[WORK TASK]
In the material below, find the line that contains "11月2日上午,楚雄市公安局" and the line that contains "Celebrate our country’s", then write out exactly those two lines and everything between them.

[DATASET EXCERPTS]
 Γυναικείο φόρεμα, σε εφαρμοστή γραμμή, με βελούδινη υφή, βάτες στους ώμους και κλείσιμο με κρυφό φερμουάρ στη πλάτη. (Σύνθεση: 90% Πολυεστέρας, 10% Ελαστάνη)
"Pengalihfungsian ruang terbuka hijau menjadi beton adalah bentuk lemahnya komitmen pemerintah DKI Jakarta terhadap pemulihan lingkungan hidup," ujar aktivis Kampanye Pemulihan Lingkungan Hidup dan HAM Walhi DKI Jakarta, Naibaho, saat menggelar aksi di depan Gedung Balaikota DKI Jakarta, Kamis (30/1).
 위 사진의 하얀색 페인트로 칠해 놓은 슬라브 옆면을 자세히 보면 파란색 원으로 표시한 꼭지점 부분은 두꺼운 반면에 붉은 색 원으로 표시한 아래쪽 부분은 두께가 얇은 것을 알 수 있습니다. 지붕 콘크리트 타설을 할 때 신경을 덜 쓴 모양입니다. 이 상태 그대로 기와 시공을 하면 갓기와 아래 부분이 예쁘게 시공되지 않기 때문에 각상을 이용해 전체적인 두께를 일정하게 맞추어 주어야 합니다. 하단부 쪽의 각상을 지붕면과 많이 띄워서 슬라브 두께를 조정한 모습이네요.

--

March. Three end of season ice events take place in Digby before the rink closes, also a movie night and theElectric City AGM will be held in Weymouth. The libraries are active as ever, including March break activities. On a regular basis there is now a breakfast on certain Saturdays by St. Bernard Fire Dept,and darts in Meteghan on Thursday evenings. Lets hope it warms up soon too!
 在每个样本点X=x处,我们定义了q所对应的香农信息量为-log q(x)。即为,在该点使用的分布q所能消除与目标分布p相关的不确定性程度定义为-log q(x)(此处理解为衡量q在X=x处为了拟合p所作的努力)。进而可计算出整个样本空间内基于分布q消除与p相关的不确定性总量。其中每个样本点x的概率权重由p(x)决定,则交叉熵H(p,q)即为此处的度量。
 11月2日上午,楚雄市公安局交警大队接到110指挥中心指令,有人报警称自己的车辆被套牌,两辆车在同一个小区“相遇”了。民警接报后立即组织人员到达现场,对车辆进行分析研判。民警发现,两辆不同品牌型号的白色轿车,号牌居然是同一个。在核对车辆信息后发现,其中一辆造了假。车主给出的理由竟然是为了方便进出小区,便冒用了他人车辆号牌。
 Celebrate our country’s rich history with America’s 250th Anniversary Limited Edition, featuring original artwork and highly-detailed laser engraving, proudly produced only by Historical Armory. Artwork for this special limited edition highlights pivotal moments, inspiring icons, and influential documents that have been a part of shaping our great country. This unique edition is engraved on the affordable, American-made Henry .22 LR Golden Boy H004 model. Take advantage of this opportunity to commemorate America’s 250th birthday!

==

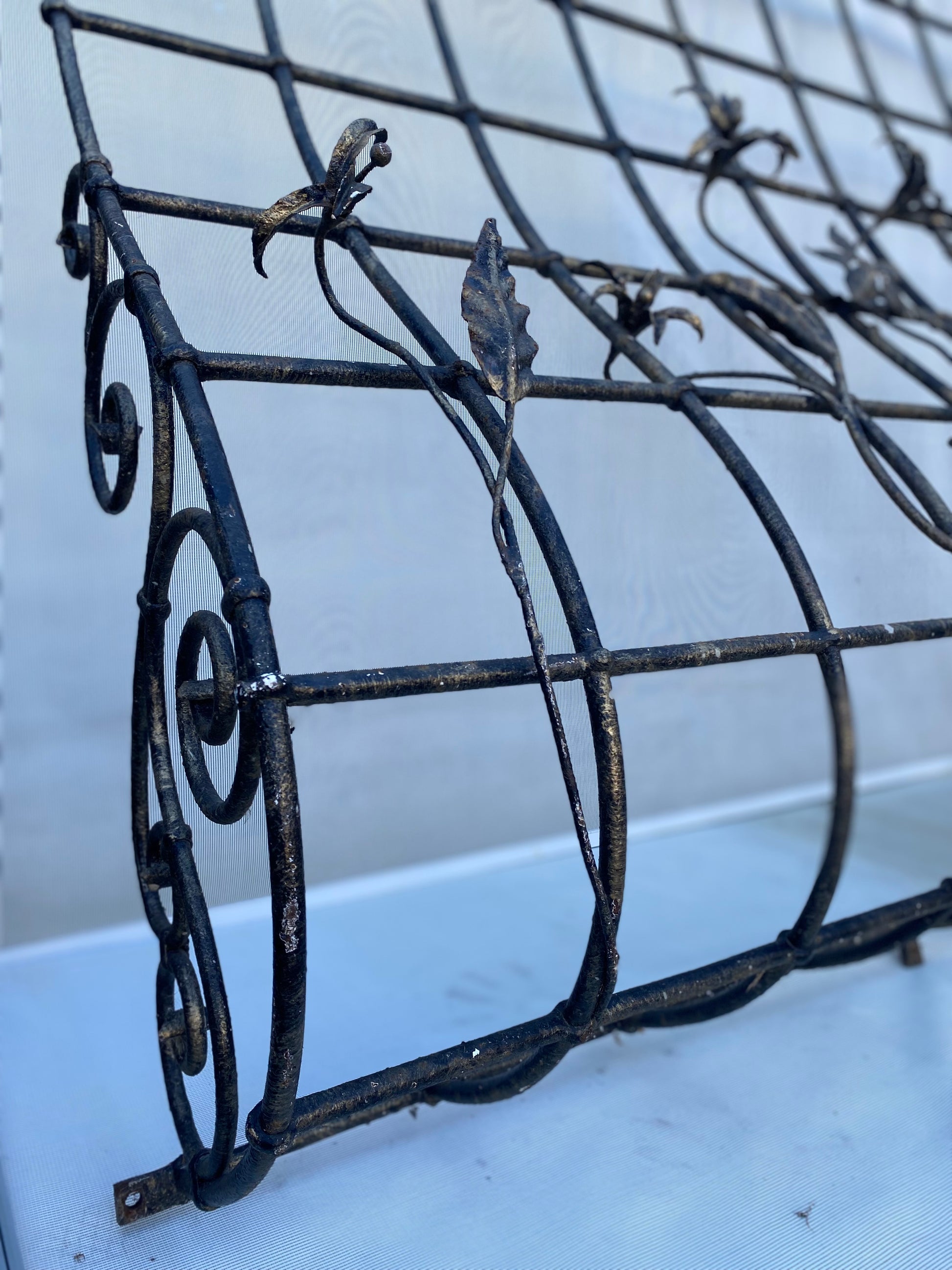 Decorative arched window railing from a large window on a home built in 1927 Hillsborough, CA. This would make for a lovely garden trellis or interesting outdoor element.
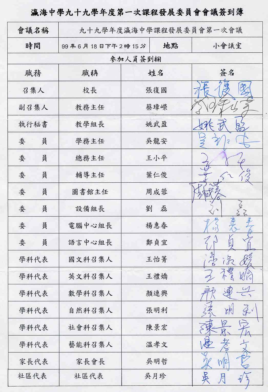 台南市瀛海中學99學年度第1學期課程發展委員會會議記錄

[EXPECTED ANSWER]
 11月2日上午,楚雄市公安局交警大队接到110指挥中心指令,有人报警称自己的车辆被套牌,两辆车在同一个小区“相遇”了。民警接报后立即组织人员到达现场,对车辆进行分析研判。民警发现,两辆不同品牌型号的白色轿车,号牌居然是同一个。在核对车辆信息后发现,其中一辆造了假。车主给出的理由竟然是为了方便进出小区,便冒用了他人车辆号牌。
 Celebrate our country’s rich history with America’s 250th Anniversary Limited Edition, featuring original artwork and highly-detailed laser engraving, proudly produced only by Historical Armory. Artwork for this special limited edition highlights pivotal moments, inspiring icons, and influential documents that have been a part of shaping our great country. This unique edition is engraved on the affordable, American-made Henry .22 LR Golden Boy H004 model. Take advantage of this opportunity to commemorate America’s 250th birthday!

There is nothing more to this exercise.